A perfect evening alone in Las Vegas
Manhattans in Las Vegas
Some people do not care about Las Vegas. Some people hate Las Vegas. Some people like Las Vegas ironically. And then some people love Las Vegas.
I love Las Vegas.
So I’m happy to find myself at the El Cortez Hotel and Casino for one night, by myself, before my sister Katharine comes to meet me tomorrow. The El Cortez is the oldest continuously-running hotel and casino in the city. They still have their old slot machines that take quarters, and it smells of cigarette smoke and air freshener.
Siegel’s 1941 is the hotel’s main restaurant, which is located in the casino, not far from the check-in desk. It is known for its $10.95 prime rib special. I’m sitting at a table by the wall, so I have a good vantage point on the room. Only about five tables are occupied. Everyone is having the prime rib special.
My waiter hands me a menu, and I order a Manhattan.
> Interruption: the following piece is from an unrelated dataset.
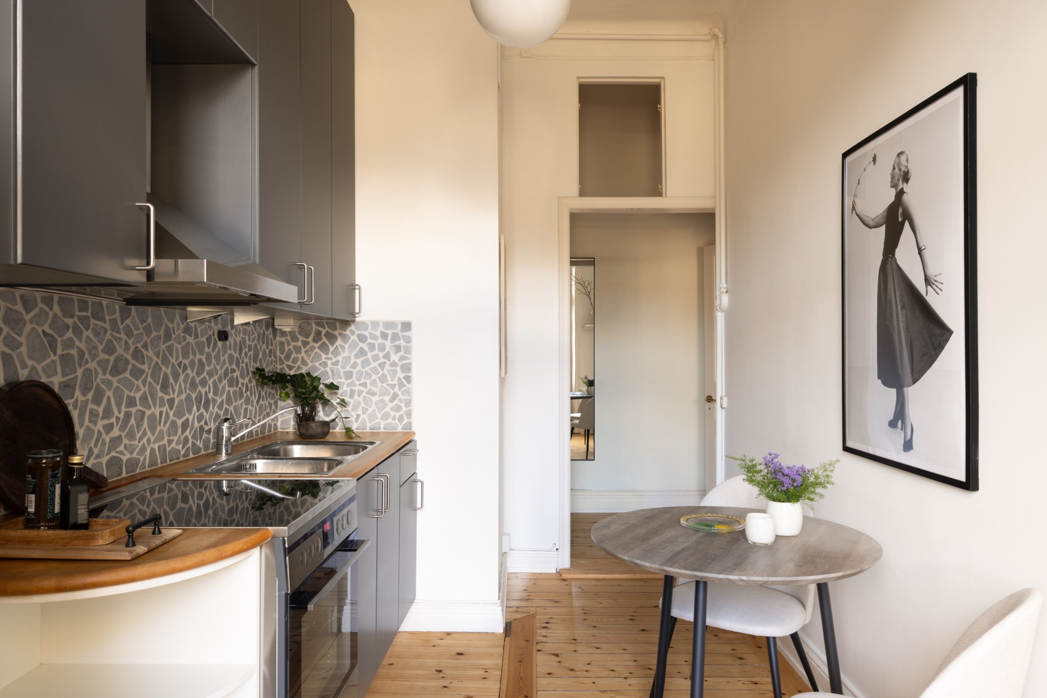 En välplanerad och charmig lägenhet med klassiska sekelskiftesdetaljer och balkong i ett attraktivt läge.

It’s 10:30 p.m., but this seems like a fine time for dinner and a drink, as casinos have a way of defeating time. Unlike the bigger casinos on the Strip, where you’re lost deep in a timeless world, the El Cortez has some windowed doors, so you can see outside, but you would still have to make an effort to do this.
My waiter brings my Manhattan, and I order the prime rib special. The drink is only okay, but that is right for a casino cocktail. There is a big picture of Bugsy Siegel behind the hostess station, facing the dining room, and the movie Bugsy plays on a TV behind me and is reflected in the mirrored pillar across from my table. Warren Beatty is standing in silhouette against a sunset, saying, “I got it.” I know he’s saying this not because I can hear it but because the subtitles are on, and I’m reading them backwards in the mirror.
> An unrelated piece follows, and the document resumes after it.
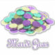 Autocollant vinyle taillé sur mesure avec une image de pièces en plastique métallique mardi Gras violet, vert et or et "Mardi Gras" en écriture violette française. Voir toute la collection Mardi Gras Sticker dans les INVITATIONS | Section Stickers & Étiquettes.

I love being alone in Las Vegas, maybe because it feels strange. There must be lots of people who are alone in Las Vegas, but it seems like a place of couples and friends and groups. Tomorrow, I will sit down in at the bar at Oscar’s Steakhouse, just before Katharine arrives, and the bartender will ask, “Are we alone?” and when I say yes, he’ll place a candle in a votive in front of me and said, “Well, here’s some romance for you, even if you’re all by yourself.”
The dinging of the slot machines is muffled. A man stops to look at the menu by the hostess stand. His t-shirt reads: WHY CAN’T ALL MY GIRLFRIENDS GET ALONG? On the table next to me is a half-finished Coke with lemon, a crumpled white cloth napkin, a straw still in its wrapper, and a knife. In the back of the restaurant, a waiter folds napkins at a table. I eat my prime rib and sip my drink and feel happy and sad in the way you only can in Las Vegas.
After I pay my bill, I head over to the bar across from the restaurant and order another Manhattan. The casino holds the desert air at bay. There are red roses on the carpet.
Las Vegas reminds you that the things you love, you have to really love. You can’t love them with distance or irony because that kind of loving is not real, and Las Vegas tricks you because with all its myths, it is real, and it knows it.